Terms of Reference

Society’s increasing involvement with coastal and offshore areas through population-related and industrial pressures has accelerated and accentuated an awareness of the impact of natural processes on the coastal zones and offshore areas of the world.

The barriers to our ability to respond to society’s needs for information about the coastal atmosphere and its interactions with water and land are essentially the following: inadequately defined requirements for meteorological information; inadequate datasets and measurement techniques in the coastal zone on both sides of the land–water boundary; inadequate knowledge of coastal atmospheric and related ocean processes; and inadequate consolidation and exchange of available technology and data with problem solvers and decision makers working on problems in coastal and offshore areas.

This committee will consider the coastal zone to be that region that is appreciably altered by the common intersection of land, water, and air. This definition has no dimensional restrictions and, thus, includes continental coastal areas and adjacent waters of the continental shelf, and in addition those regions near islands, lakes, and large rivers, all of which exhibit coastal-related meteorological phenomena and are also subject to societal pressures.

The Committee on Meteorology and Oceanography of the Coastal Zone will facilitate and promote communication about and awareness of coastal zone meteorological and related oceanographic processes as a primary objective.
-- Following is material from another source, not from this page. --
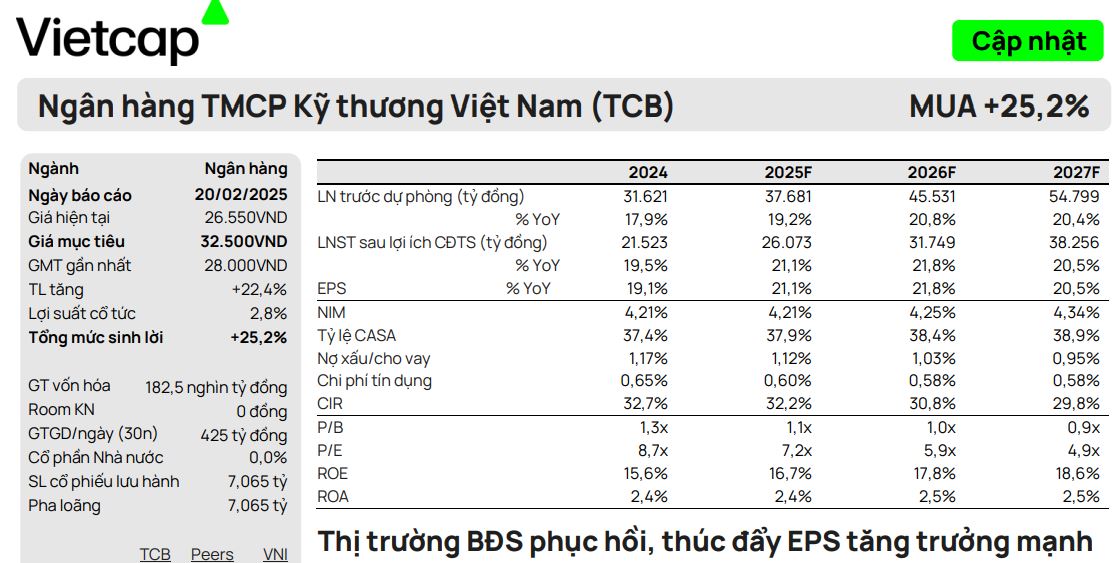 Vietcap (20.2.2025) duy trì khuyến nghị MUA và điều chỉnh tăng 16.1% giá mục tiêu lên 32,500 đồng/cổ phiếu.
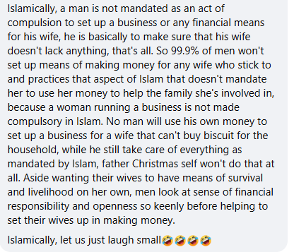 Reacting to her post, one Kasim Yusuf, said that in Islam, a married woman under her husband’s care and protection is not even allowed to do anything to make money, unless with his permission.

The functions of the committee are to

  1. advise the Society concerning significant problems in understanding coastal meteorological and related oceanographic processes and their impacts;
     
  2. promote the dissemination of information related to the science and technology of meteorological processes in coastal zones, including publication in relevant journals of the Society;
     
  3. stimulate interaction with other AMS committees and related professional societies involved in the physical science of coastal areas;
     
  4. stimulate improvements in the scientific aspects of weather warnings and forecasts for coastal and offshore areas;
     
  5. facilitate an effective exchange among coastal zone scientists, engineers, oceanographers, planners, operational meteorologists, and managers by planning and supporting national and international conferences, workshops, symposia, and seminars; and
     
  6. promote an increased awareness of the need for sponsorship of basic as well as applied meteorological and interdisciplinary research in coastal zones.